Говорила она необычно — не так, как говорили другие женщины. Её голос и слова дышали мстительной злобой, но в грубом и дряблом голосе слышалось раздумье. Удивила она меня своей словоохотливостью. Встречал я её каждый день, но она держалась обособленно, враждебно и всегда что-то невнятно бормотала. Мы часто видели её в тёмных сенях, где густо висела разделанная рыба, но видели только её спину в грязной рубахе без рукавов и две седые косички, связанные тряпочкой. Манюшка и Дунярка называли её «ягой» и «ведьмой» и боязливо шептали: «Так и ждёшь, так и дрожишь от страху: того и гляди сглазит, аль порчу нашлёт…» Но сейчас она оказалась не такой жуткой, какой чудилась раньше. Передо мной была не забитая и отверженная старуха, а упрямый, отстаивающий право на жизнь человек. В ней чувствовалась сила и оскорблённая гордость, поэтому, вероятно, и к людям в нашем дворе она относилась с высокомерием.

— Тятяшка-то у тебя фертиком ходит, как в зеркало глядится. Таким нет удачи. А мать — ушибленная. Должно, били её кому не лень…

Я с охотой сообщил ей:

— Она мёртвенького скинула и стала беситься. В семье она за всех ворочала. Отец-то всё на ней вымещал.

Степанида покачала головой и погрозила пальцем:

— А ты не хвались материной бедой. Не тот хорош, кого бьют, а тот, кто сдачи даёт. Будь я сейчас молодой, уж я показала бы себя. Мать-то, верно, на ватагу поедет? Замордуют её такую. Я двадцать лет там маялась. И вот — без рук и без ног. А за милостыней не пойду. Меня рыба-то и до могилы не оставит. Я мастерица. Рыба меня любит.

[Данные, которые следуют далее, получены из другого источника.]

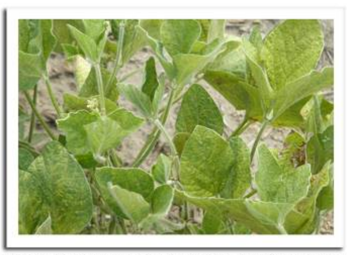
Soybeans with yellowing and stippling due to mites Krista Hamilton DATCP

TWO-SPOTTED SPIDER MITE: Leaf stippling and bronzing symptoms have intensified in some western Wisconsin fields with this month's dry weather pattern. Scouting for mites is suggested for one more week. Treatment of this pest is only beneficial prior to the R5 to R5.5 or full pod growth stages.
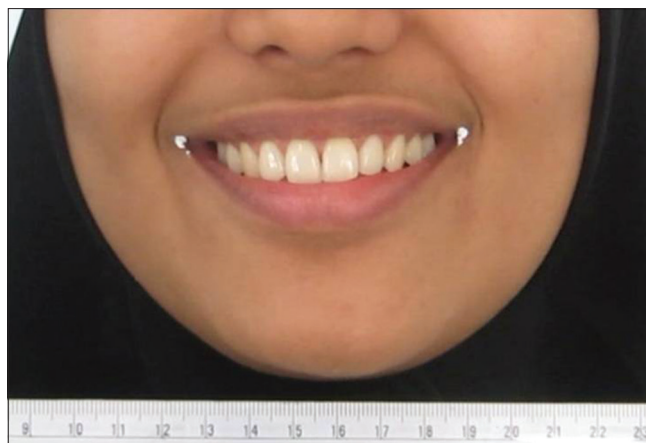
Figure 2: Posed smile photograph (obtained from video clip using free studio software)

The results were expressed as mean and SD; the mean lower facial height of females was 62.82 mm with an SD = 3.112. The mean lower facial height of males was 69.23 mm with a SD = 2.276. The difference between the above two means was significant with a t = 10.231 and P = 0.000 [Table 1]. The mean posed SW of females was 64.59 mm with the SD = 3.706. The mean posed SW of males was 69.34 mm with the SD = 3.718. There was statistically significant difference between the mean posed SW of males and females with a t = 5.653 and P = 0.000 [Table 2]. The co-relation between posed SW and lower facial height [Table 3] was done, and a statistically significant ( P < 0.01 ) result was obtained. The scatter diagram also shows this positive co-relation [Diagram 1]. The ratio of lower facial height and posed SW was calculated
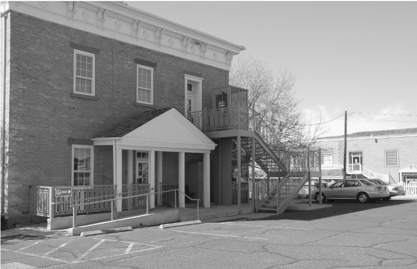
Figure 1.9. The Americans with Disabilities Act mandates accessibility upgrades to public buildings. One solution has been to redefine the main entrance as adjoining the parking lot (commonly at the rear of the building), where access for the disabled can be achieved more readily without compromising the historic features of the traditional front entrance. Shown here is the Washington County Courthouse in St. George, Utah.

means installing additional bracing and stiffening the walls and floors, which can have significant effects on the appearance and performance of the building as structural bracing is inserted into occupied spaces. Seismic activity is particularly problematic for unreinforced masonry buildings, where the joints between the stone, block, or brick offer little resistance to failure during an earthquake. The cost of the seismic upgrade is significant and may be prohibitive if funding is not available. This expense is eligible for historic tax credits that would then trigger a review to determine compliance with the Secretary of the Interior's Standards.
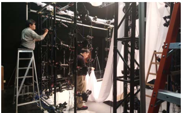
Photogrammetry Shooting Setup
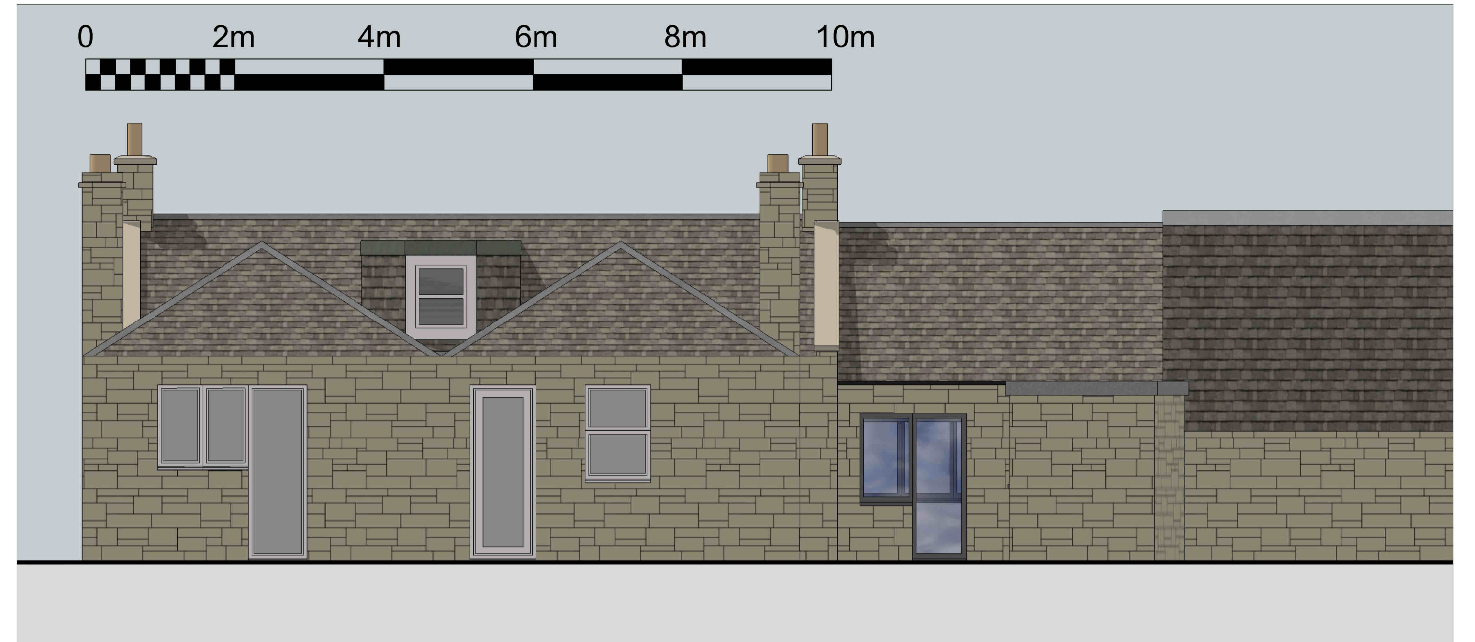
proposed rear/NE elevation 1:50 @ A1
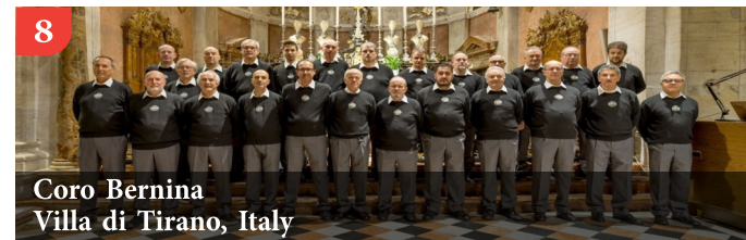
8 Coro Bernina Villa di Tirano, Italy
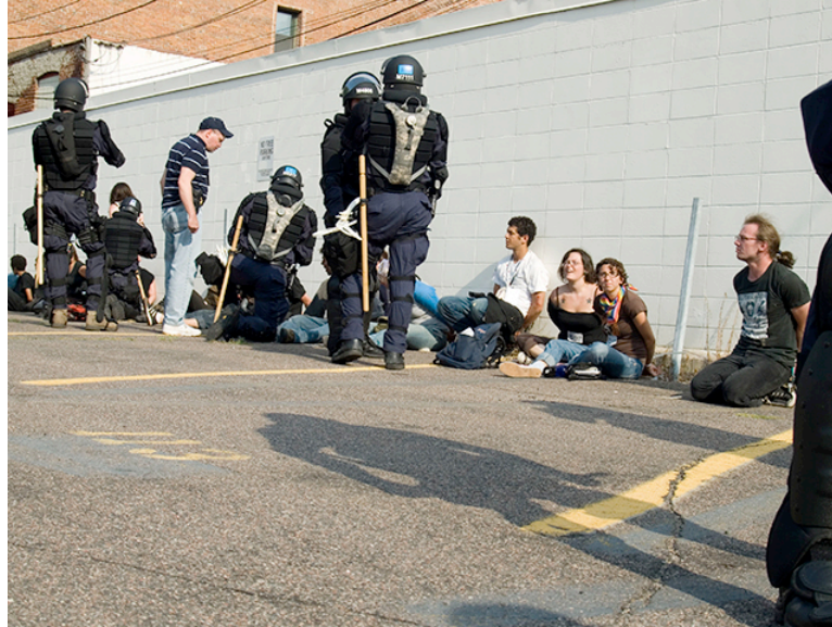
Fig. 11. Mass Arrest at Jackson and Seventh. Bradley. Santa Cruz Independent Media Center. 3 Sept. 2008. Web. http://www.indybay.org/newsitems/2008/09/03/18532436.php

Interestingly, the surveillance practices discussed above enable police to use snatch squads to target and remove protesters quickly from public spaces. Disciplinary space's
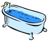
Bath u b
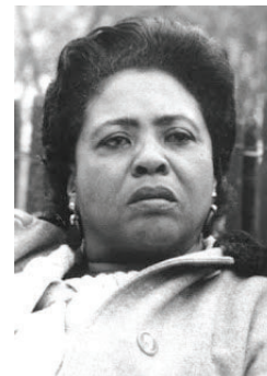
Fannie Lou Hamer

“The Fannie Lou Hamer Story” received Best Actor, Best Play, and Best Producer during the 2015 Atlanta Black Theater Festival, and the Best Solo Performance for the 2002 Audelco Viv Award. Hamer’s courage and compassion inspired Aimbaye to write the one-woman play, which follows Hamer’s rise from Jim Crow’s Mississippi to the halls of Congress as a powerful voice in the 1964 voter’s rights movement. She has performed this play for more than two decades. Aimbaye has also performed in small productions in the New York/New Jersey area and was cast in the role of Lucy for the first Black African American film depicting a slave revolt, “SANKOFA,” which was recently re-released on Netflix.
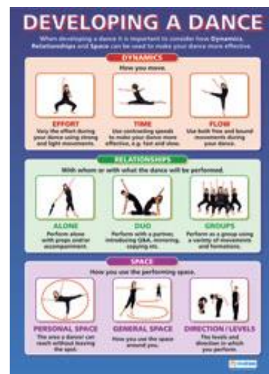
Developing A Dance (A1 size) Code: DAN 6
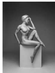
15. The Thinker Score 24
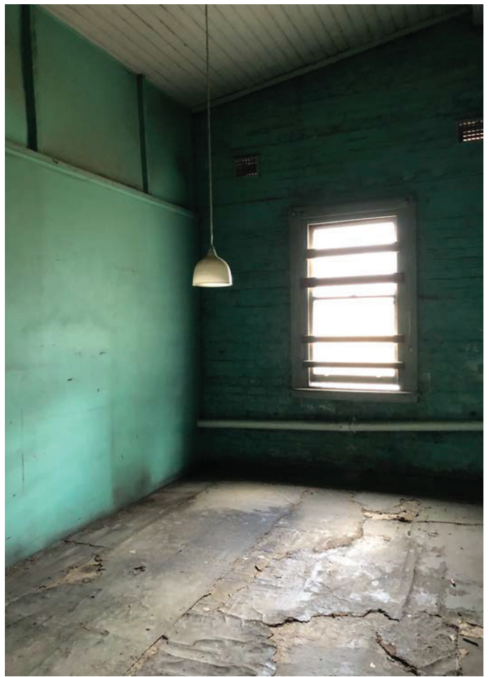
Figure 10: Second floor bedroom, 84 Dixon Street.
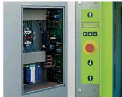
Low maintenance: the micro processor control
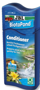
JBL BiotoPond Water conditioner for ponds
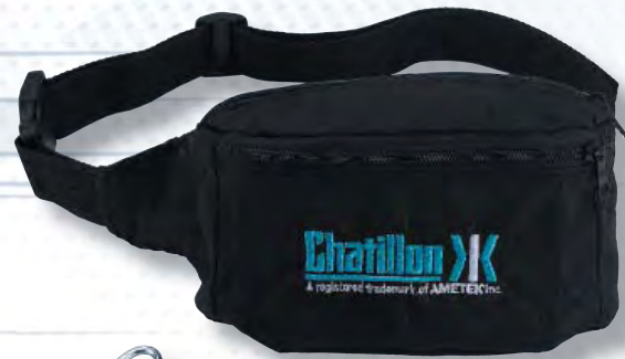
IN Series with optional Carrying Case (NC002845)
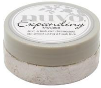
Tonic WORN LINEN Nuvo Expanding...
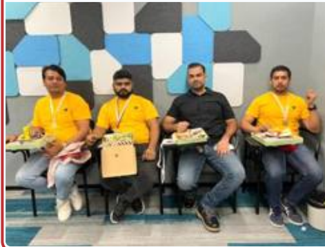
Rotary Club of Gurgaon Cosmopolitan
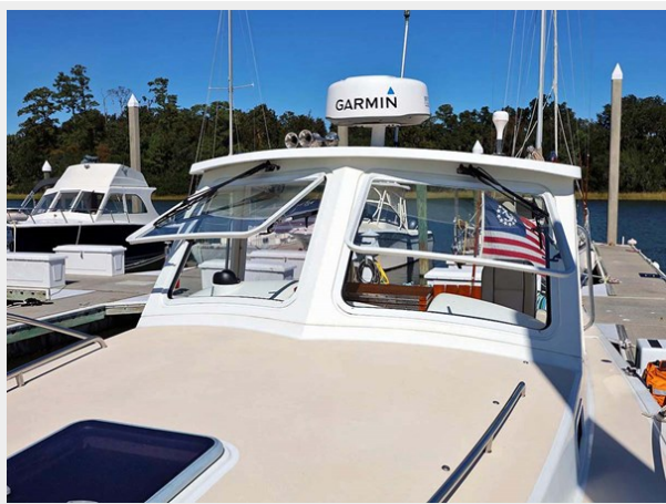
Front Opening Windshield Panels
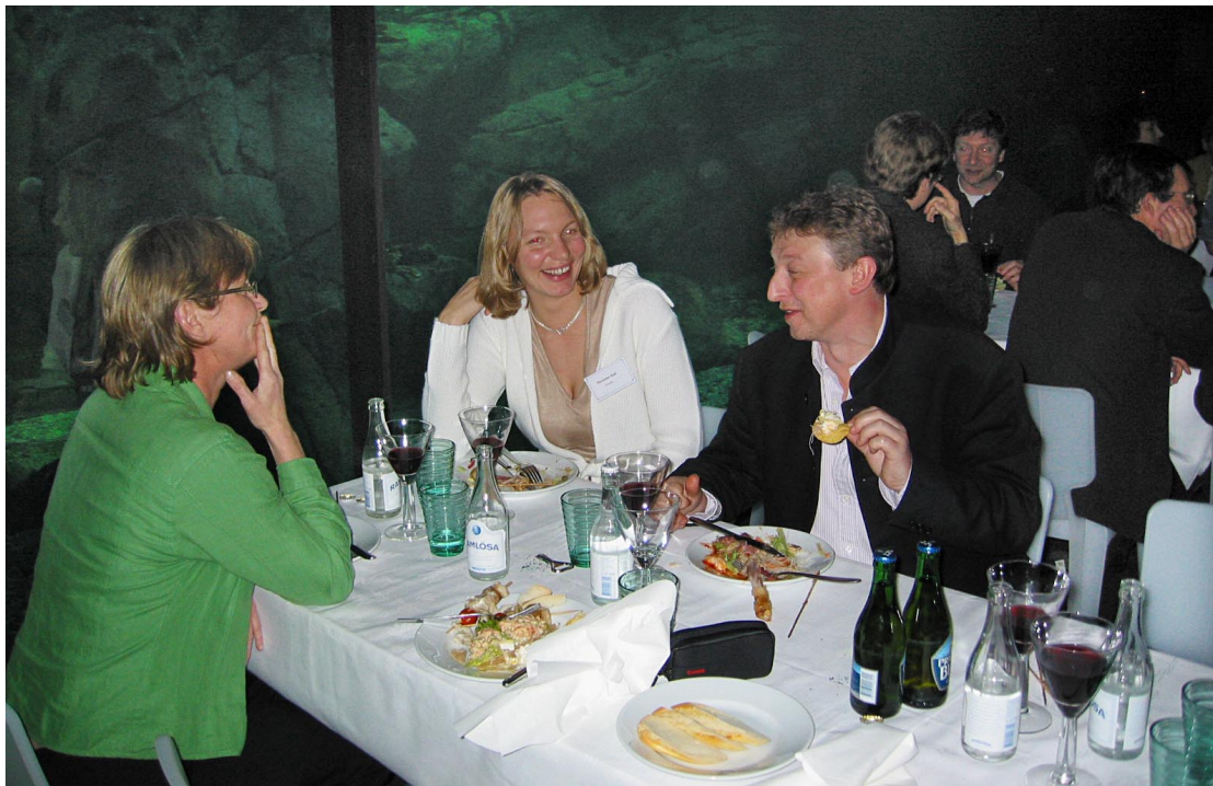
At the Conference Dinner in the Aquarium Hall at the Universeum Science Museum.
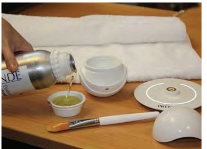
Step 6: Add oil to cup
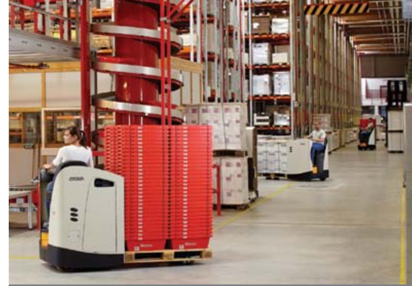
Seated Transport, Optimised – Fast-paced, mission-critical jobs require a truck that never lets up and a comfortable work space so the operator can keep going all shift long. The sit-down RT delivers with powerful acceleration, 12.5 km/h travel speeds , adjustable seat and floorboard and a higher seating position for better visibility all around.
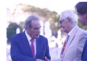
34th Enrico Fulchignoni Award Ceremony, Winner: "Nuclear" by Oliver Stone

CICT ICFT has contributed to the creation of several Film Festivals , including Cannes FF , Venice FF , Berlin International FF , Moscow International FF , Tirana FF (TIFF) , Ohrid FF , Zagreb FF , Beirut International FF , Izmir Short FF , Festival International du Cinéma Africain de Khouribga , Gaza FF , Damascus International FF , Cairo International FF , Tripoli FF , Kalamata FF , Menorca FF , Hammamet FF , Festival international du film de Marrakech , Antalya FF , and Signs of Change FF at Tribeca and UNHQ, New York .
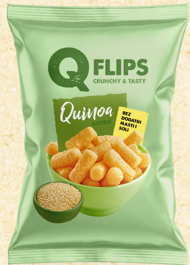
Q Flips Peanuts no fat or salt 60g
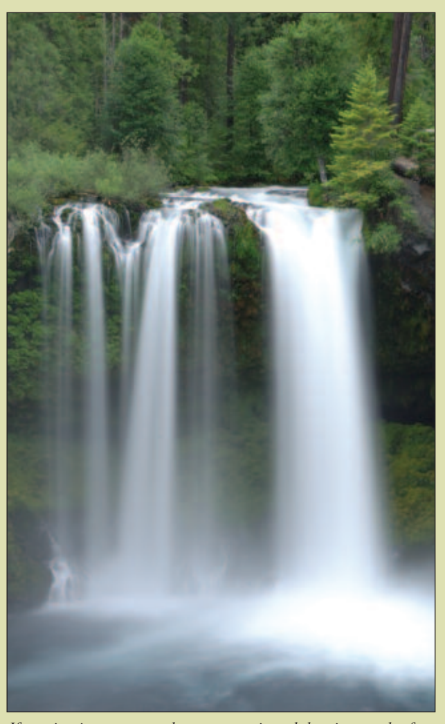
If precipation patterns change as projected, leaving much of the West more arid, water that is stored on and filtered through national forests will become even more valuable.

lands. It will totally eclipse timber." As the impacts of climate change and access to water supplies become more serious public policy issues, this type of research will be vital in illustrating the importance of public forest lands.
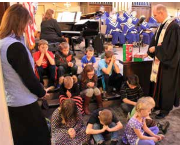
Photo Top: Recreating the manger scene. Left: Sunday morning Prayer Huddle.

Two new children's Sunday school classes began in Sept. An Early Childhood class for 3-5 year olds called the Preschool Pond at both 9:00 and 11:00. The curriculum consists of Songs, Prayers, Lessons At Sunday school and Home or SPLASH! and is based on traditional Children's Bible Stories. At 9:00 a special First Five Sunday school class for 1st & 2nd graders focuses on the Books of the Bible. Specifically the First Five books of the Old Testament one year and the First Five Books of the New Testament the second year.
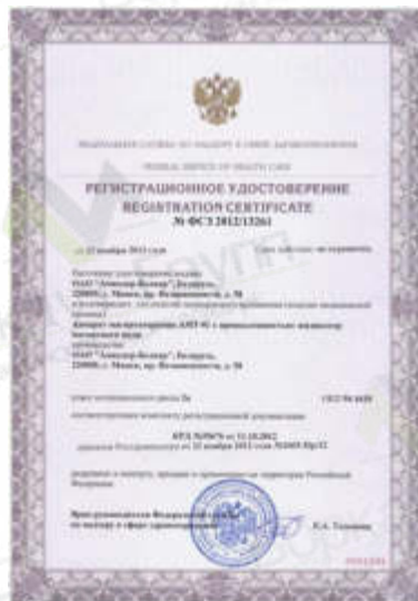
The Russian Federation
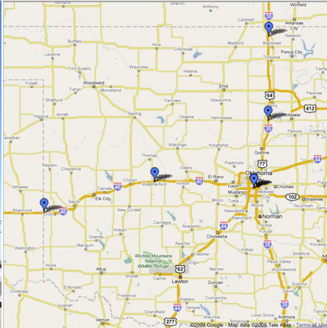
Figure 3: Location of the 6 deployed RWIS stations

2 shows the deployment of an RWIS station near Weatherford, OK being deployed by Vaisala, one of the two vendors of RWIS stations ODOT has currently deployed. This deployment was performed with consultation and participation of the OU ITS Lab Manager. We are further assisting ODOT in the evaluation of the deployed RWIS stations, manufactured from various vendors. Figure 3 shows the locations of the 6 RWIS sites deployed in Oklahoma at the end of Year 1 of this project. Note, two RWIS sites are co-located in Oklahoma City. Two different vendors have been contracted thus far to install RWIS stations along Oklahoma Highways, Vaisala and Surface Systems (SSI). By working with both of these vendors, we have established mechanisms to automatically retrieve RWIS sensor data from stations manufactured by Vaisala and are still working on retrieving data from those manufactured by SSI. Note that stations from each vendor feature different measurement capabilities, as well as how they are presented to us; Vaisala provides us XML data using the National Transportation Communications for ITS Protocol (NTCIP) [4]. A sample of this data is shown in Figure 4. SSI can only provide us with a website from which the data must be extracted and parsed. We have developed a MySQL database for the storage and retrieval of this sensor data.
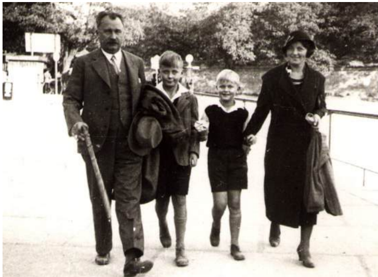
Visiting Prague ZOO with parents and brother
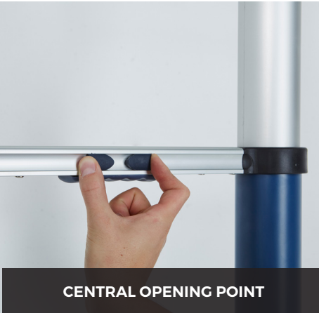
CENTRAL OPENING POINT
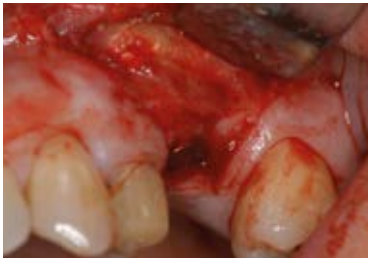
Bone regeneration under the membrane shows no clinical signs of inflammatory reactions.
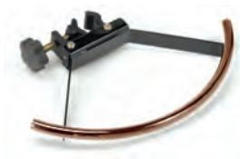
Patient Handle (PEDP3303)
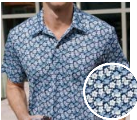
The Azaleas - Navy
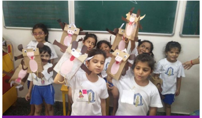
Role play with puppets, made by us.
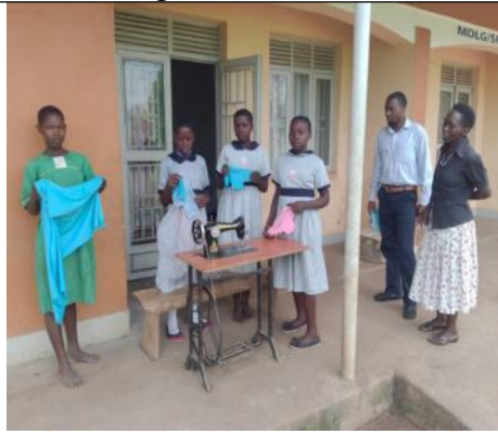
Pad making session at Katega
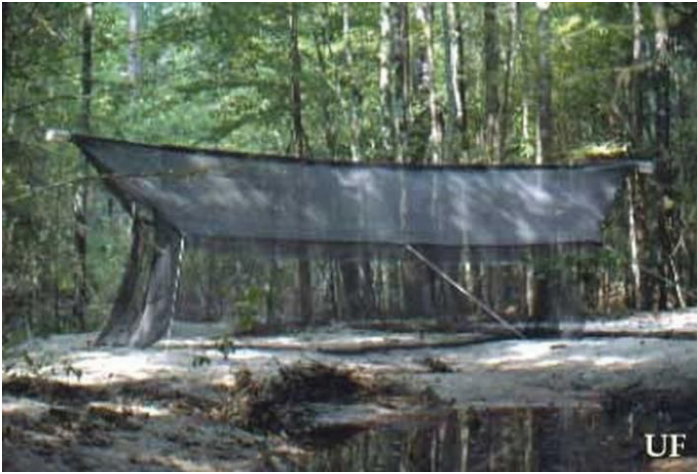
Figure 11. Malaise traps can catch large numbers of biting flies by simply being in their flight paths or by the use of attractants, such as CO 2 and octenol.

Она захрипела от смеха и с натугой пошла от меня в гущу висевшей рыбы.

После этой встречи со Степанидой совсем иными стали казаться мне и Манюшка, и Дунярка — маленькими, ничтожными. Их торопливая суета, певуче-вкрадчивые слова и ласковые улыбки были неприятно-приторные, наигранные. Манюшка не только не сердилась на меня, а встретила нежным кудахтаньем. Она сидела за столом и вышивала разноцветным шёлком бархатный подрушник. За этой работой она сидела каждый день — готовила подарок «часовенной общине». Дунярка сидела рядом с ней и бисером шила лестовку. Она статилась, как взрослая девка, и улыбнулась мне, как ребёнку. Мать продолжала сучить чалки, и по её согнутой спине и судорожным движениям рук видно было, что она утомилась. Я взял её руку и посмотрел на ладонь. Она была кроваво-красная, покрытая серой чешуёй.

— Больше не надо, мама. Наработалась. Без рук останешься.

Она растроганно посмотрела на меня и виновато запротестовала:

— Нельзя, милый: завтра надо отнести урок-то. Не отнесу — работу потеряем.

— Бросай, и всё! — настойчиво крикнул я. Мне было больно видеть, как она трёт обожжёнными ладонями шершавую мочалку. — Бросай! Завтра я чуть свет встану и докручу.

— А у самого мозоли-то какие! Ты уж не крути, а то кожу до крови сдерёшь.

Манюшка заахала:

— Ах, батюшки-светы! Сыночек какой заботливый! Как мамыньку-то свою жалеет!

Мать встряхнула своими ладонями и подула на них.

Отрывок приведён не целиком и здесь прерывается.